The practice of venerating relics (material items connected to the life of a saint) has clear biblical roots. Not unfrequently, we find passages in the Hebrew Bible where we objects that once belonged to a person considered holy being are used for miraculous purposes. Take, for example, the following passage from the Second Book of Kings (Cf. 2 Kings 13:20-21). The text reads:
And so Elisha died and was buried. At that time of year, bands of Moabites used to raid the land. Once some people were burying a man, when suddenly they saw such a raiding band. So they cast the man into the grave of Elisha, and everyone went off. But when the man came in contact with the bones of Elisha, he came back to life and got to his feet.
The same goes for the New Testament. The passage of the Gospel of Mark (Cf. Mark 5.27-29) featuring a woman miraculously healed after touching Jesus’ cloak is quite popular.
She had heard about Jesus and came up behind him in the crowd and touched his cloak. She said, ‘If I but touch his clothes, I shall be cured.’ Immediately her flow of blood dried up. She felt in her body that she was healed of her affliction.
The veneration of relics is not an exclusively Catholic custom —other religious traditions also show the very same kind of respect and reverence to objects intimately related to the lives of saintly men and women. In any case, Catholicism understands there are three kinds of relics —first, second, and third-class. A first-class relic is a physical remain of a saint (may it be his or her whole body, or even just a fragment of a bone, or a vial of blood). A second-class relic is any item that the saint might have used (most of the time, a piece of clothing). Finally, a third-class relic is any item that might have been in contact with either a first-class or a second-class relic.
Budapest, the Hungarian capital, preserves a unique first-class relic: the incorrupt right hand of its first Christian king, Szent István Király, King Saint Stephen.
Stephen I was the last Grand Prince of the Hungarians between 997 and 1000, and the firstKing of Hungary from 1000 (or 1001, according to other sources) until his death in 1038. Many details regarding his life are relatively uncertain: we do not know the year of his birth nor that of his baptism. We do know he was given the pagan name Vajk, that he was the only son of Grand Prince Géza and his wife, Sarolt, and that even if both of his parents were eventually baptized, Stephen was the first member of his family to become a devout Christian —he established several different Benedictine monasteries, encouraged the spread of Christianity, and brought peace to the region (at least during his reign), turning it into a popular route for pilgrims and merchants traveling between Western Europe, the Holy Land and Constantinople.
Every year, on his feast day (August 20th), The Holy Right, the right fist of St. Stephen himself, is taken out in a solemn procession. As part of his canonization process (back in 1083, a few decades after his death) his body was exhumed. Tradition claims his right arm was incorrupt. The whole arm was then preserved apart, for veneration, as a relic.
Here, the convolute story of the relic begins.
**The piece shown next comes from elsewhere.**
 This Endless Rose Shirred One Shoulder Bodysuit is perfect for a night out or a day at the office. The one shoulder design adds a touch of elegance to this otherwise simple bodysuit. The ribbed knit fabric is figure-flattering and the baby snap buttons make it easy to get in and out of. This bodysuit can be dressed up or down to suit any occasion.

It traveled all throughout Europe and only went back to Hungary after WWII. To keep it safe during the Tartar invasions of the 13th century, it was sent to Croatia, where Dominican friars housed it. Some sources claim it was then when the hand was cut from the arm —the upper arm being sent to Lemburg, and the hand to Vienna.
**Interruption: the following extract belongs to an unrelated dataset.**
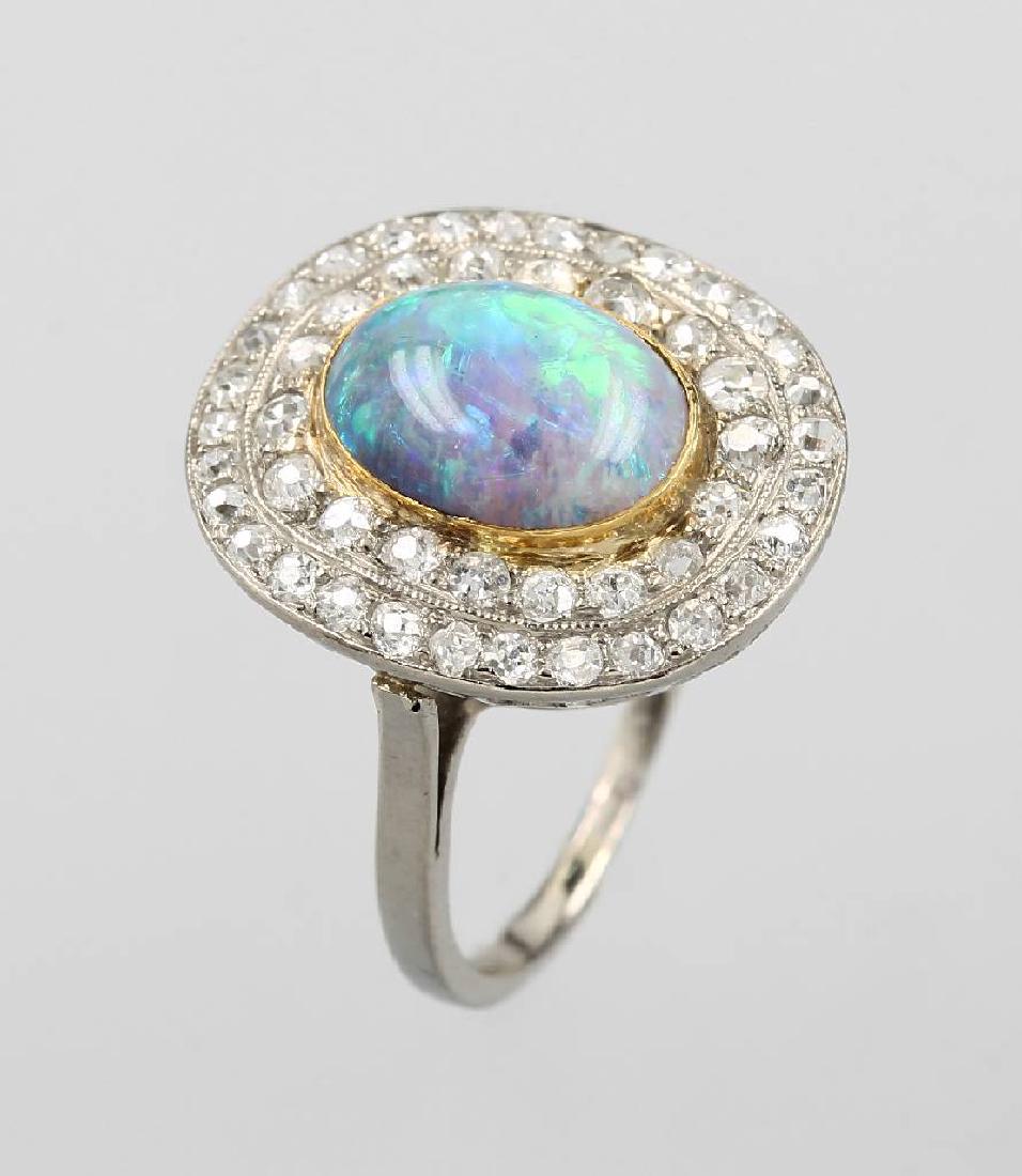 14k Gold 2.50 Ctw Natural Opal & Diamond Ring

In 1771, authorities from the Austro-Hungarian empire decided to house the Holy Right in Schönbrunn Palace in Vienna, the Hapsburg’s summer home. They eventually sent it back to Hungary, but as soon as the war knocked on Budapest’s doors in 1944, the relic was again sent back to Austria, under the care of the archbishop of Salzburg. Finally, on August 20, 1945, a priest serving in the American army brought the hand from Austria back to Hungary. It is nowadays preserved in its reliquary, in the Basilica of St. Stephen.